# Ready for bed ?



## suffolkmerc (Jul 25, 2010)

We're about to get a rear lounge MH and wonder what members use for bedding, sheets are obviously not going to tuck in etc etc. May be a stupid question but I'm a newbie :roll: 
Someone in another thread mentioned a duvalay ?
Do people generally use a mattress topper ? As always, grateful for comments.


----------



## chapter (May 1, 2005)

we use a cotton bed throw 
chapter


----------



## Pollydoodle (Aug 18, 2005)

A matress topper - I presume you mean memory foam type - is too big and heavy to use every day, not to mention finding somewhere to store it.

We use a fabric matress topper inside a duvet cover. This can be rolled up small for storage and just shakes out at bedtime.
I cut (too big otherwise) a double topper to fit inside a single duvet cover. this is enough to cover a double-ish bed.

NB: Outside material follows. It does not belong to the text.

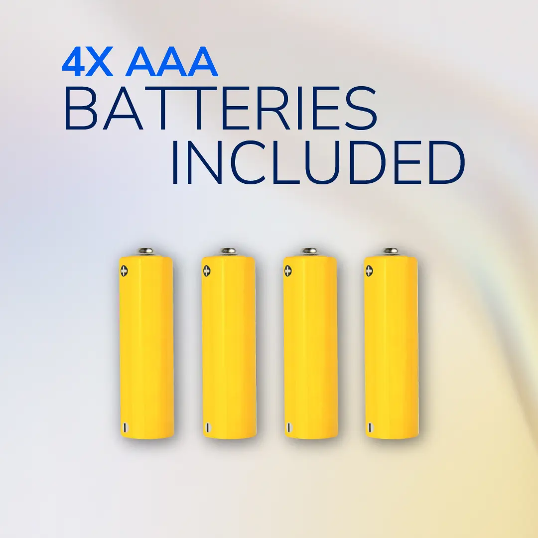 3. Insert 4 x AAA new batteries, following the battery INSTALL steps 1-3 listed above. IMPORTANT BATTERY WARNINGS: • If batteries are inserted in the wrong orientations, the device will not function. • Replace ALL batteries at the same time. Do not mix old and new batteries. Do not use rechargeable batteries. Used batteries must be recycled or disposed of correctly.

Not my idea, I read it on here and it works very well for us


----------



## Rosbotham (May 4, 2008)

Foam rubber from your local foam-for-settees place. 2 inches thick will suffice. We renewed our's last week, fifty quid for a pair. They'd lasted a couple of years and were probably good for another, but we're changing to use as 2xsingle rather than huge double. Memory foam is too heavy / doesn't respond well to repeated rolling/tying up. Don't bother with anything motorhome specialist...just an excuse to double/triple the price (not an accusation of profiteering, just a reflection that it's a smaller market hence lower volumes compared to buying something that's not motorhome-specialist).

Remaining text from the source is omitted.